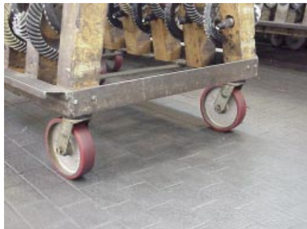
Spindle rack for gear blanks. T/R compound soft polyurethane is floor protective and will not pick up machine shavings or debris.

Excellent for dollies, waste disposal trucks, warehouse trucks, proof or cooling racks, portable work benches, floor trucks, shop carts, drywall dollies, trailer frames, wire shelving units, tool boxes, laundry distribution carts, manual lifting devices, unitized dairy distribution carts and other medium duty applications.
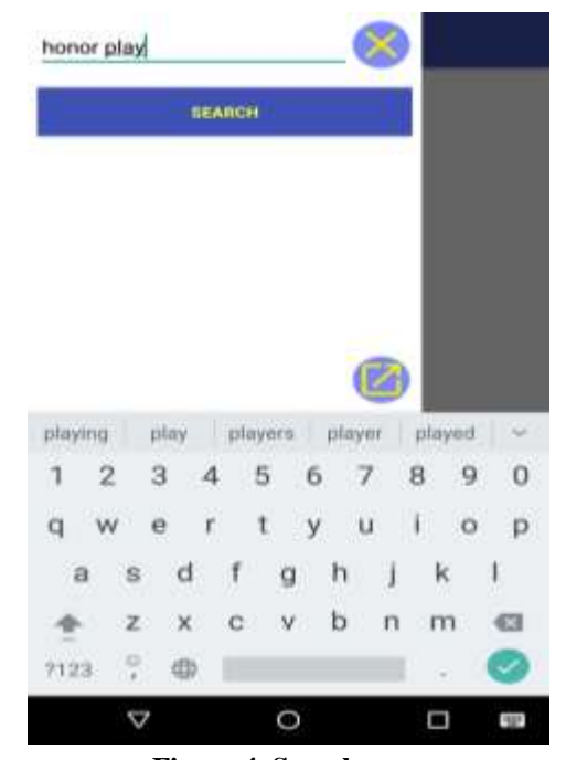
Figure 4. Search page
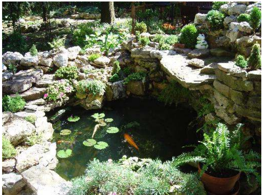
The Lovett's pond surrounded by miniature conifers

Mimi Grozinger 417-882-0528 Mi2grozinger@yahoo.com
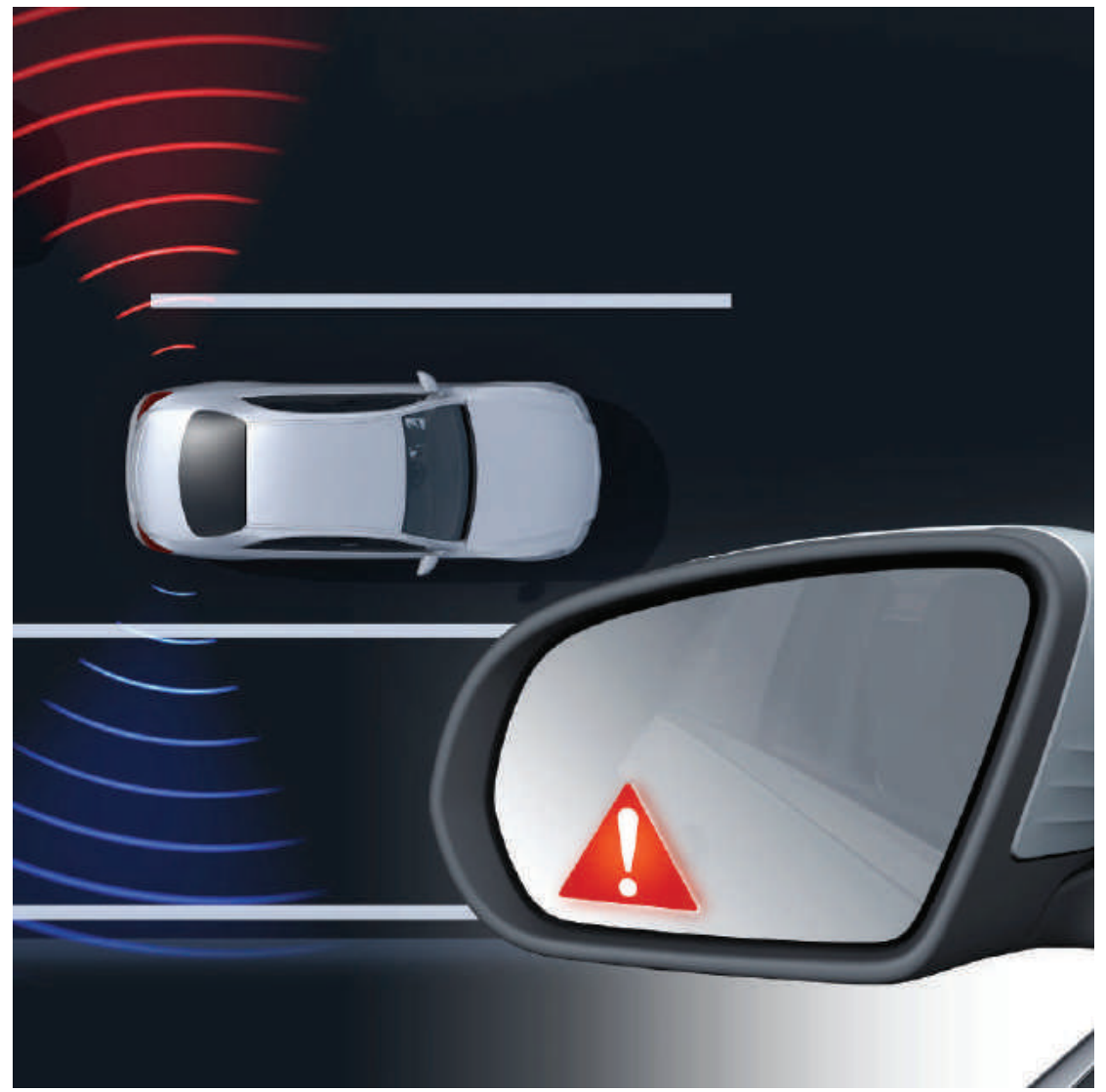
Blind Spot Assist
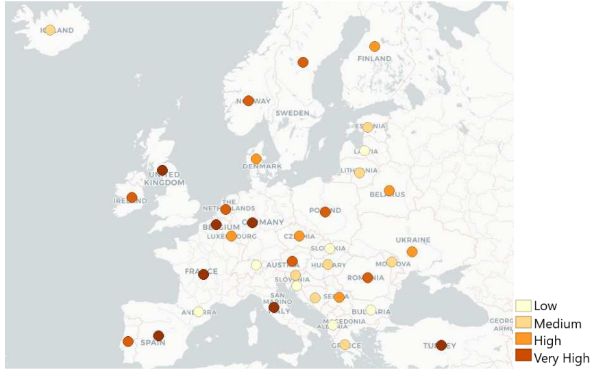
Figure 1. Spatial Distribution of Covid-19 Cases Data Source: CSSE, Johns Hopkins. "2019 Novel Coronavirus Covid-19 (2019-Ncov) Data." (2020).

Spatial distribution map of Covid-19 cases is given below in Figure 1. The darkest colour demonstrates the countries with the highest number of cases. Countries marked with less dark and light colours are observed to form a cluster as demonstrated in Figure 1. Taking this into account, it can be suggested that spatio-sequential dependence exists visually.
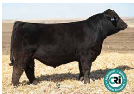
CCR COWBOY CUT 5048Z - SIRE OF LOT 200A EMBRYOS

OMF/DK Cheers C88 is without question one of the most prolific females in the Oak Meadow Farms and Diamond K Simmentals. From the ground up C88 is superior in terms of her foot design, skeletal quality, and squareness of build. Her udder quality, body density, and dimension combined set her into a league of her own. C88 is the dam of the $22,000 red hided stud that topped our 2020 Production Sale. C88 did it again this year, producing seedstock caliber progeny that have the credentials to make an impact on even the most progressive programs in North America. A bred heifer sired by All Aboard will highlight the bred division. G50 is the striking red head that exemplifies the brood cow fundamentals. We firmly believe she will follow in the footsteps of her dam. We are hesitantly opening the genetic vault and allowing you access to our most proven and profitable young female, Cheers C88. The matings include Cowboy Cut, Genesis, and Boulder. February 14, 2021 is the opportunity to add your prefix to the C88 legacy.
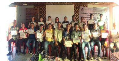
Participants from the different Religious Sectors of Apayao Province.
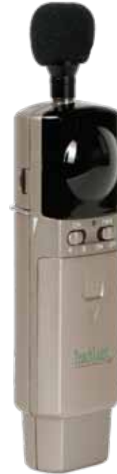
Plug-in Microphone with 3.5mm connector & lanyard
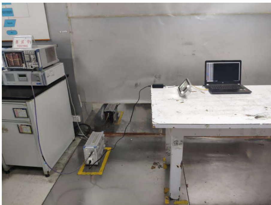
Conducted Emissions Test Setup
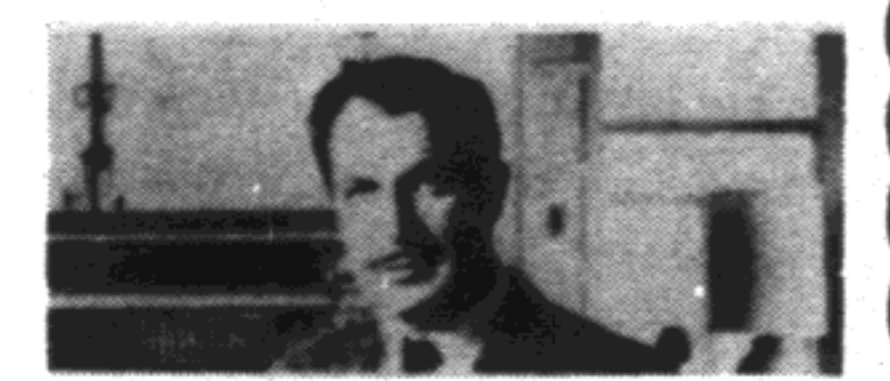
Introduction by Vincent Price
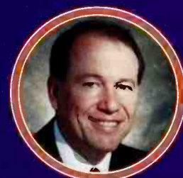
Saturday, September 14 Radio Luncheon
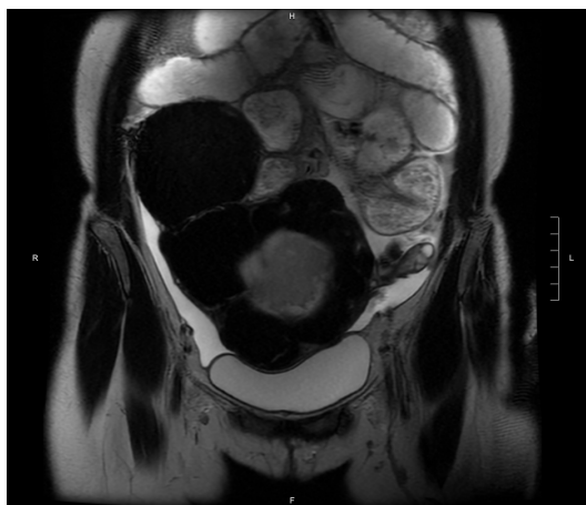
Figure 1 Pelvic MRI showing chronic ileus and delayed fecal transit likely secondary to mass effect from the large fibroid uterus with pelvic inflammation and peritonitis.

Gastrografin challenge showed delayed transit of contrast reaching the descending colon. On hospital day 2, the patient was still clinically obstructed. The patient did not desire future fertility and had no prior abdominal operations.
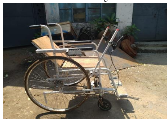
Fig4.3.1: Recliner Mechanism

After reclining if a person (handicapped) tries to move for certain work in a forward direction then the same adjustable hand rest is move in a forward direction with the similar meshing of slots.
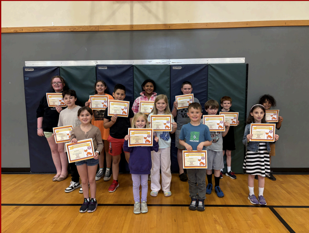
Students recognized for going above and beyond with their kindness and hard work .
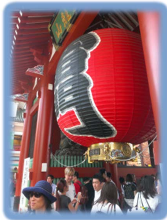
Asakusa in downtown Tokyo
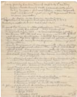
Descendants of Lieut. Thomas Tracy (Coll. 003 Fold. 045 Doc 003)
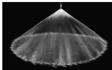
Full Cone 120°
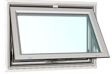
MODEL 9100 (NEW CONSTRUCTION)
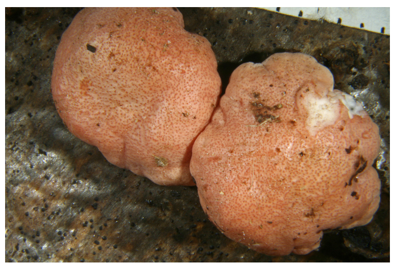
Hypocrea minutispora, showing the 'pock-marked' surface typical of the genus.
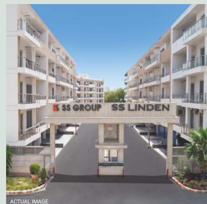
SS LINDEN, SECTOR 84 - 85, NEW GURUGRAM
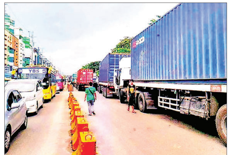
Photo shows some container trucks which are rolling in downtown Yangon.
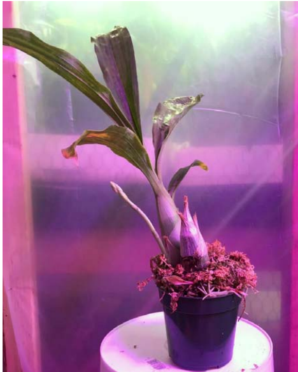
Plant D also shows a spike in tight bud.
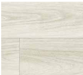
004 Rustic Oak - White
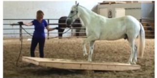
"Lawrance showed me what this human needed to do for that horse, at that exact moment."

Questions? MSranchLV@gmail.com 208-300-7039 Registration: JGarro999@gmail.com 208-219-0163 Deposit: $60 holds your spot!! Don't delay, these fill up fast.
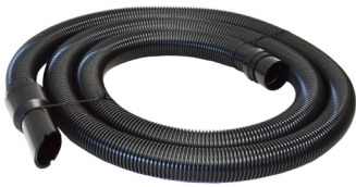
122-3010-14 Hose 10' x 1.5" Friction Fit w/Straight & Angled Cuffs for HEPAPro Vacs Master Carton Qty - 7 List Price $48.10 ea.
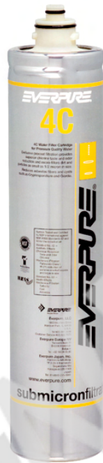
4C Replacement Cartridge: EV9600-00 (1-pack) EV9601-00 (6-pack)

Delivers premium quality water for cold cup vending applications
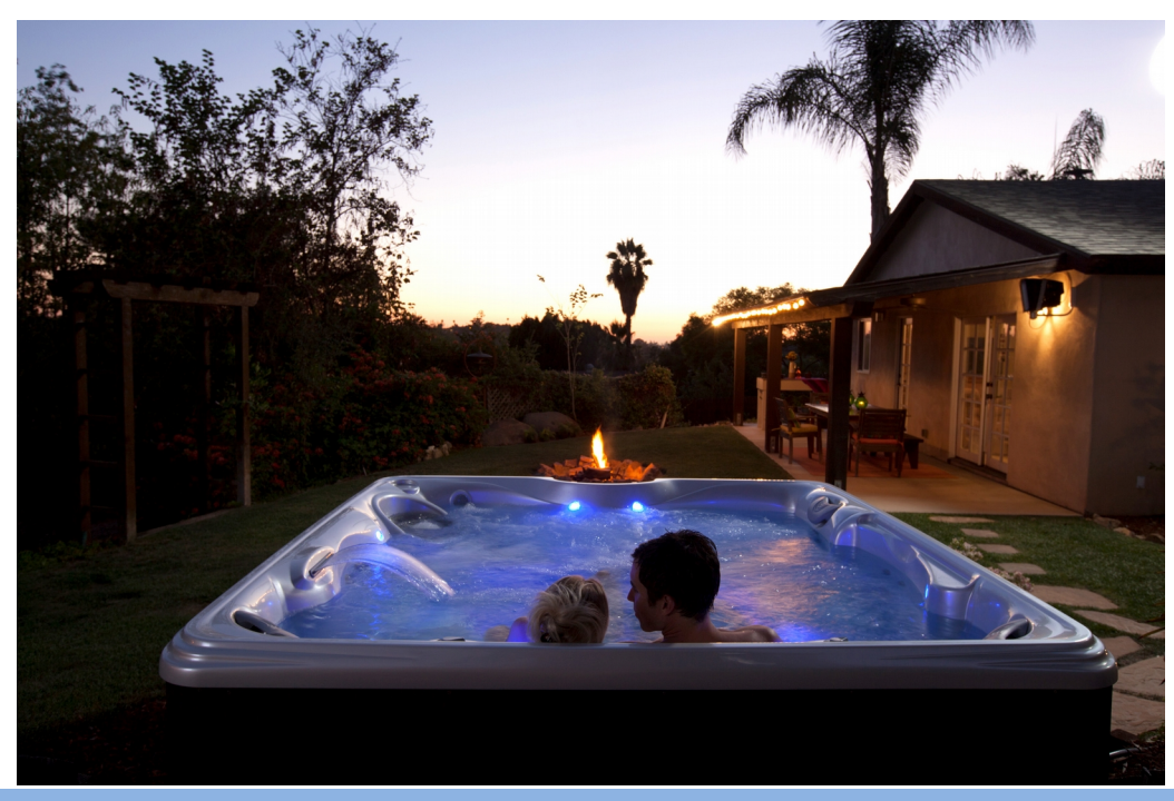
Report By: Branson Hot Tubs and Pools – Hot Tubs, Pools, and More! www.bransonhtp.com

likely extend the same to you if you choose to buy.
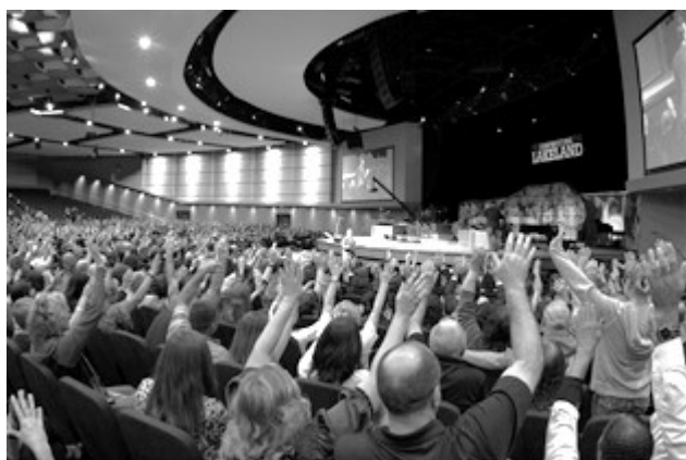
Revival Ministries International 50 Services Campmeeting Lakeland, Summer 2013

ACTIVITY – What you return must match the lines above from the one with "Descendants of Lieut." through the one with "SS LINDEN, SECTOR 84 - 85, NEW GURUGRAM" exactly, with both ends included and the pictures excluded.

EXERCISE RESPONSE –
Descendants of Lieut. Thomas Tracy (Coll. 003 Fold. 045 Doc 003)
Full Cone 120°
MODEL 9100 (NEW CONSTRUCTION)
Hypocrea minutispora, showing the 'pock-marked' surface typical of the genus.
SS LINDEN, SECTOR 84 - 85, NEW GURUGRAM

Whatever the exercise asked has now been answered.